A photographic walk through Brexit land
Ian Land has produced a formidable body of landscapes, shaped and formed by us, the British. He decided to take his camera for a walk – the coastal route from Hastings to London – and the results are now on display in an exhibition at Hastings Arts Forum. It is a desolate, gloomy marginal area – the end of England. And so it appears to be turning out, for those born and bred here who feel European and want to remain so. HOT’s Lauris Morgan-Griffiths was impressed by the exhibition’s unflinching honesty; sometimes to the point where you want to look away as he captures the spirit of England – and it isn’t a very edifying sight.
As we sever connections with the rest of Europe, Ian Land talks and photographs, capturing the spirit of that part of England edging the sea. There is a desolation and sadness to it.
There are pristine hedges, bordering, protecting, which gives a slightly eerie, protectionist territorial feel. One has scribbled New Hope, the name of a house – which could be laughable but somehow isn’t. A solitary head of a man, torso concealed, walks a lonely path over a bridge.
There is a very sad notice stuck to a bus shelter found in Lydd near housing by the military base. It is particularly gutting as the sign looks as if it is being taken over by ghostly ectoplasm. It is a sad plea by a father who wants access to his children: “I love you to the moon and back”.
Land’s luckiest moment was on the Isle of Sheppey. Not expecting to find a solitary frame he happened across a house called Utopia with a discarded mattress outside.
For his next project, to shake off the debilitating effect of Brexit, Land is bringing colour into his life as he walks the length of the River Thames.
Sometimes it is best to hear about a project from the artist’s point of view and reflections. This is Ian Land in his own words.
“On June 23rd 2016 a narrow majority voted for the UK to leave the EU. In the wake of this vote mainstream British politics has polarised in a way most of us have never seen before.
“For some years I had intended to walk from my home in Hastings along the coastal route all the way to London. The original idea was to take photographs of everything except the sea itself, to show the effects of the sea on the landscape and the built environment, but to avoid the customary dramatic seascapes so traditionally beloved of photographers and painters.
“I began the project in September 2016. As I started planning the route it became clear most of my walking would be through Sussex and Kent coastal regions which had voted solidly for Brexit in the referendum, and as I began the walk itself, I realised the referendum result had changed my attitude to the coastal landscape I love so much. As I walked, Union flags seemed much more prominent than I recalled previously, the multitude of Keep Out and Private signs which had always been there took on a sinister air, and the irony of walking for many miles on land closer to France than it is to London became overwhelming. For the first time in years, Englishness and the English landscape began to feel alien and forbidding to me, and during the two and a half years the walk took me, the country lurched deeper into crisis, chaos and an ascendant far-right authoritarian populism.

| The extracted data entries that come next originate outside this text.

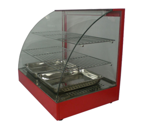 Food Warmer Merchandiser, counter top, full service, 26"W x 17-1/2"D x 22-3/4"H, curved front glass, adjustable thermostat, temperature up to 160°F, (2) chrome plated fixed shelves + deck, (2) piece sliding rear glass doors, stainless steel construction, 120v/60/1-ph, 1200 watts, ETL
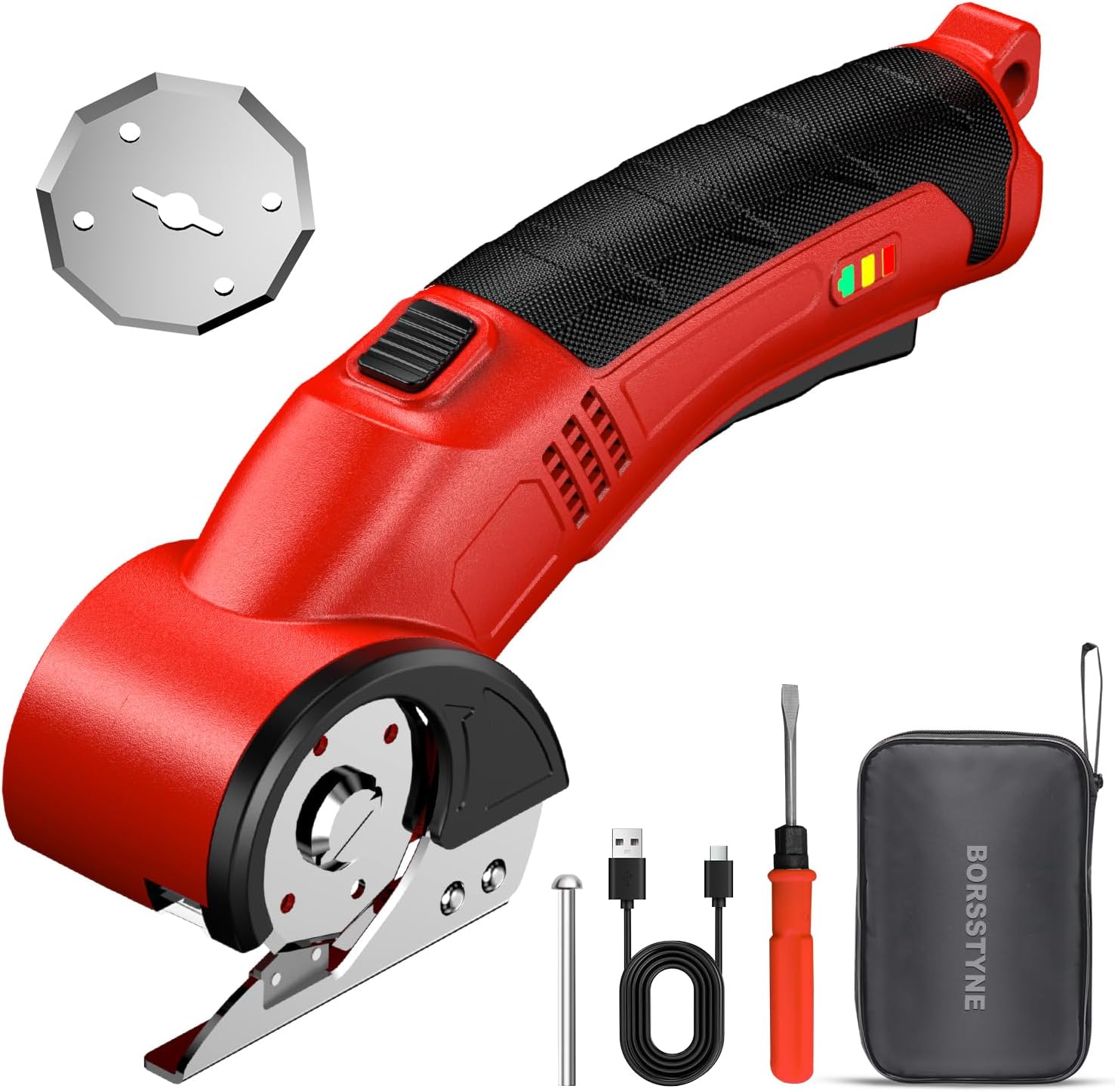 These Borsstyne cordless electric scissors are low-key one of the most useful tools I didn’t know I needed.First thing — they cut through cardboard like butter. If you deal with a lot of Amazon boxes (like I do), this makes breaking them down way faster and easier on your hands. No more struggling with box cutters or wearing out regular scissors.I’ve also used them on fabric and thicker materials, and they handled it surprisingly well. The motor has solid power without feeling out of control. It’s strong, but still easy to guide.The cordless design is a huge plus. Lightweight, comfortable grip, and not awkward to hold. Battery life has been good so far — I can get through multiple projects without constantly recharging.I also like that it comes with extra blade and a storage case. Makes it feel complete and not cheap.If I had to nitpick, it’s not a heavy-duty industrial tool — but for home use, crafts, DIY, breaking down boxes, carpet edges, etc., it’s more than enough.For the price and convenience, this is a 5-star buy for me. Simple, powerful, and saves time. 👍
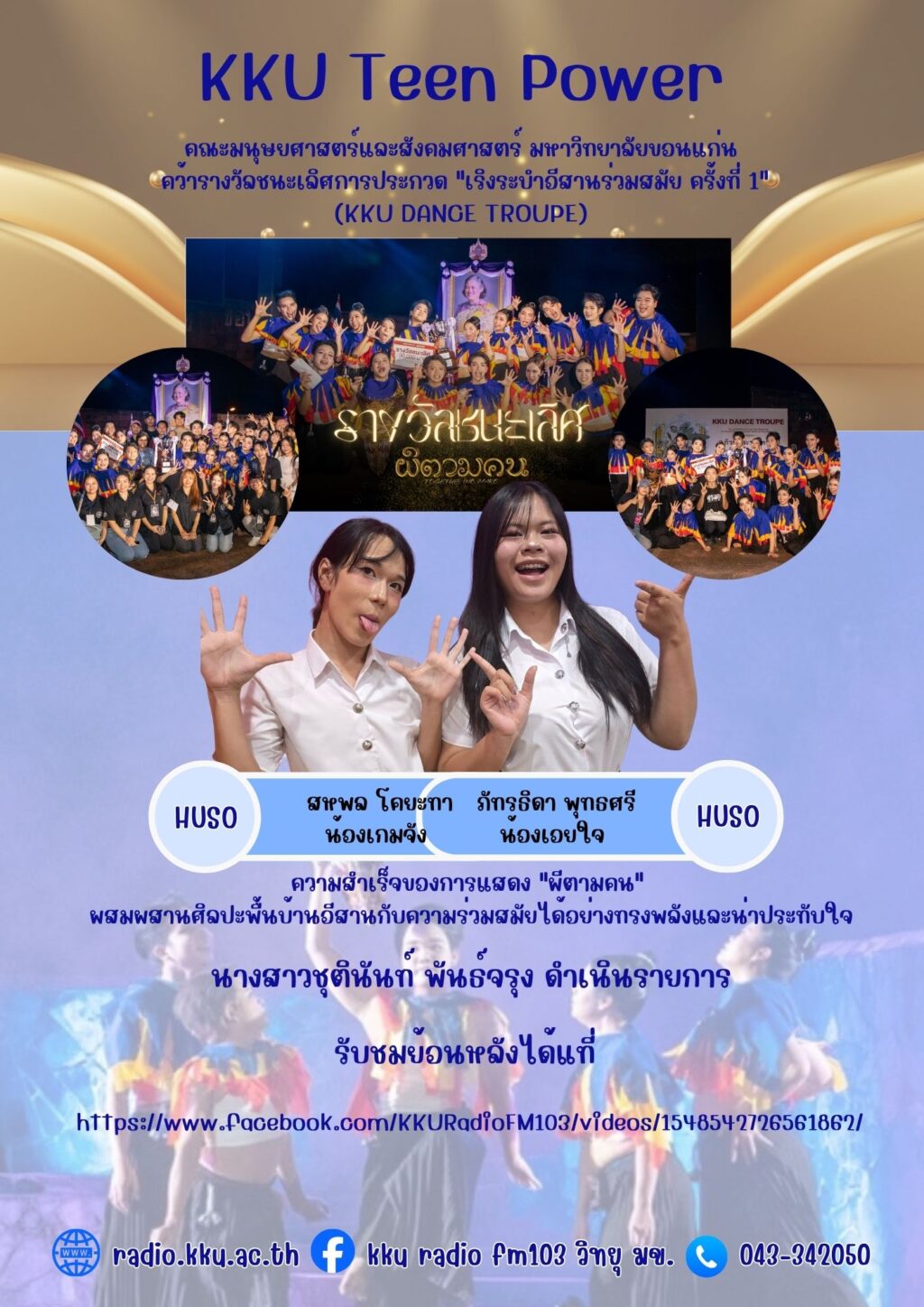 กิตติภณ ทุริวงษ์ 3 months ago 1 min read https://www.facebook.com/KKURadioFM103/videos/1548542726561862/ Post Views: 11 Continue Reading Previous ส่งสารดีเพื่อผู้พิการ ตอนที่ 18 เรื่อง คนพิการกว่า 2 4 ล้านคนไม่ได้รับสวัสดิการNext KKU Insight ตอน นิทานสาระท้องถิ่น

“Three years after beginning the walk, a new Prime Minister, Boris Johnson, is trying to resolve the issues raised by the referendum. I, like so many others, am exhausted and fearful, as all my certainties about the triumph of decent liberal values – tolerance, respect, internationalism – come crashing down around me. Most of this walk was made in anger at what the referendum has revealed about much of English politics; its small-mindedness, its failure to accept its diminished role in the world, its arrogant contempt for other nations. I don’t think that anger will ever abate, but this project is a small attempt to come to terms with it.
“From Wikipedia: “Cockaigne is a land of plenty in medieval myth, an imaginary place of extreme luxury and ease where physical comforts and pleasures are always immediately at hand and where the harshness of medieval peasant life does not exist.”
Land of Cockaigne – Travels through Brexit (2016-2019) is part of the 2019 PhotoHastings Festival, on until 10 November at Hastings Arts Forum, 36 Marina, St Leonards-on-Sea TN38 0BU. Open Tuesday-Sunday, 11am-5pm. A book of the project is available from Silverhill Press.